Describing how to delete cookies fit neatly with a state-of-the-brand analysis I had been working on. In it, I laid out my thoughts about redirecting our identity from "search and only search" to a leadership role on issues affecting users online. I forecast that user privacy, our near monopoly in search, and censorship demands by foreign governments would be the three trials to bedevil us in the coming year. We needed to prepare—to get out in front and lead the parade rather than be trampled by it. Marissa complimented my analysis but had reservations about my recommendations. Just as I had thought "Don't be evil" overpromised, she feared taking public stands about our ethical positions would result in overly heightened expectations and negative reactions if we failed to live up to them. I understood that perspective (and shared it) but believed we didn't need to
claim
to be ethically superior. We just needed our actions to demonstrate that we were. Users could draw their own conclusions.
Sergey's feedback was less encouraging. "I find documents like this frightening," he stated. "It's vague and open-ended, which makes specific feedback impossible." Lest I take his lack of comments for assent, he asked me to detail the next steps I intended to take. I had already done that, but evidently he hadn't read past the first page. I wondered if my communication with Sergey would improve if I took him for a walking chat, as I had with Marissa—perhaps along a high cliff overlooking the ocean.
Meanwhile, the privacy discussion bubbled and boiled until at last a meeting could be arranged to hash out once and for all policies on employee access to user data, data retention, and user education about privacy issues.
The meeting raised many other questions, and answered none of them. Eric Schmidt half-jokingly suggested that our privacy policy should start off with the full text of the Patriot Act. Larry argued we should keep all our data until—well, until the time we should get rid of it. If we thought the government was overreaching, we could just encrypt everything and make it unreadable. Besides, Ashcroft would most likely go after the ISPs first, since they had much better data than we did about what users did online.
*
The meeting ended, but the debate continued for months.
My idea for blazing a path on educating users about privacy never gained the endorsement of Larry and Sergey, and so did not come to fruition. Perhaps they were right that it would have opened a Pandora's box. The issue of privacy would never go away, and trying to explain our rationale might only make things more confusing. Why not let the issue come to us instead of rushing out to meet it? We weren't willing to talk about the wonderful benefits of users sharing their data with us, because we weren't willing to share any information about how we used that data. If we couldn't say something nice, why say anything at all?
That didn't stop me from assuming the most aggressive possible stance when it came to communicating with users about privacy each time a new product launched. I repeated the Yada Yada story to every Googler who would listen, though I found few converts to my vision of users making fully informed decisions about the data they shared with us. Most engineers felt the tradeoff was too high. If users came to Google looking for information about online privacy, they figured, we would help them the way we always did—by sending them somewhere else for answers.

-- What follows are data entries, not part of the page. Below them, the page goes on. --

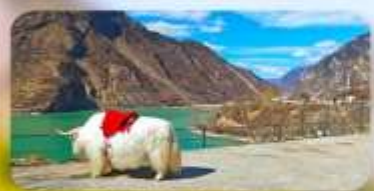
ทะเลสาบเค่อซี
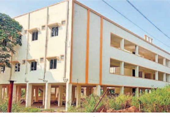
వంద గదులతో నిర్మించిన ధర్మశాల

మహాదేవపూర్ మండలం కాళేశ్వరంలోని కాళేశ్వర ముక్తేశ్వరస్వామి ఆలయ అభివృద్ధికి బిఆర్ఎస్ ప్రభుత్వం రూ. 25 కోట్ల మంజూరు చేసి 32 పనులు చేపట్టి, వీటి పర్యవేక్షణ బాధ్యతలను దేవారాయ, పంచాయతీరాజ్, అటవీ, ఉద్యానశాఖ, సులభ ఇంటర్నేషనల్ సంస్థకు అప్పగించింది. ఆలయం ఎంప్లొయ్మెంట్ ముందు ఫోరం, కిచెన్ హాలు, యాత్రికుల కోసం 15 గదులతో సముదాయం, క్యూ, షాపింగ్ కాంప్లెక్స్, పదిహేను గదులతో అవర కర్ఫు మండపం, వంద గదులతో ధర్మశాల, నలభై గదులతో ధార్మిక బోర్డు, గోదావరి స్నానస్థలాలనుంచి బస్ స్టేషన్ వరకు చేపట్టే డ్రైనేజీ, రోడ్డు నిర్మాణం, ఆలయం చుట్టూ ప్రహారీ, తదితర పనులకు నిధులు మంజూరు చేయగా, కొన్ని సాంకేతిక కారణాలతో ప్రారంభం కాకపోగా అధిక శాతం పనులు చివరి దశకు చేరుకున్నాయి. వంద గదులతో ధర్మశాల రూ. 8 కోట్లతో ఆలయం సమీపంలో భక్తుల సౌకర్యార్థం వంద గదులతో ధర్మశాల నిర్మాణం చేపట్టారు. ఈ భవనంతో పాటు రూ. 1.25 కోట్లతో చేపట్టిన 40 గదుల ధర్మశాల పనులు పనులు 90 శాతం పూర్తయ్యాయి. రూ. 1.10 కోట్లతో నిర్మించిన కిచెన్, అన్న దానం హాలు, రూ. కోట్లతో ఏర్పాటు చేసిన క్యూ కాంప్లెక్స్ పనులు పూర్తి చేసి ప్రారంభించారు. అవర కర్ఫు మండపానికి రూ. 1.50 కోట్ల మంజూరు చేయగా స్థల సమస్యతో పనులు ప్రారంభం కాలేదు. రూ. 50 లక్షలతో షాపింగ్ కాంప్లెక్స్ నిర్మాణం, రూ. 3.75 కోట్లతో అనిష్టి
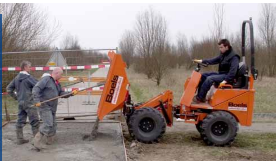
Er kan weer volop gerecreëerd worden in Zwaansbroek.

In opdracht van de provincie Noord Holland Dienst Landelijk Gebied, heeft Batec betonverhardingen aan betonpaden hersteld in recreatiegebied Zwaansbroek in de gemeente Haarlemmermeer.
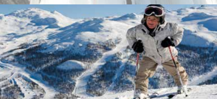
14 SKISENTER OG 200 NEDFARTER
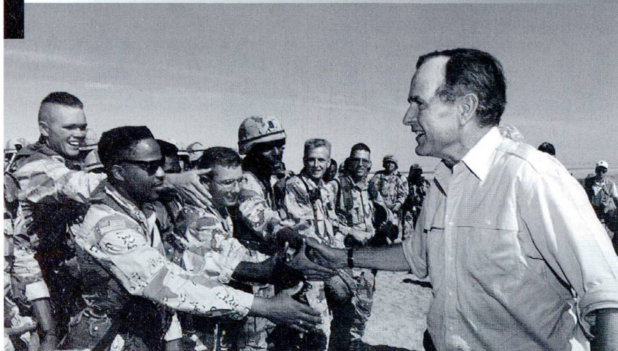
Le «Nouvel Ordre mondial» a été développé en 1991 sous la base d'une Omnipuissance militaire et politique américaine.

Larry refused to talk directly to users about cookies and log files, and he tried to keep the public from getting curious by minimizing their exposure to the data we collected. He wasn't always successful.
For example, a display of "real time" Google search queries crawled across a video monitor suspended over the receptionist's desk in our lobby. I sometimes sat on the red couch and watched to find out what the world was looking for. The terms scrolled by silently in a steady stream:
new employment in Montana
scheduled zip backup
greeting cards free
nervous system
lynyrd skynyrd tabliature Tuesday
datura metal
tamron lense 500mm
mode chip for playstation
the bone collector
singles chat
Journalists who came to Google stood in the lobby mesmerized by this peek into the global gestalt and later waxed poetical about the international impact of Google and the deepening role search plays in all our lives. Visitors were so entranced that they stared up at the display as they signed in for their temporary badges, not bothering to read the restrictive non-disclosure agreements they were agreeing to.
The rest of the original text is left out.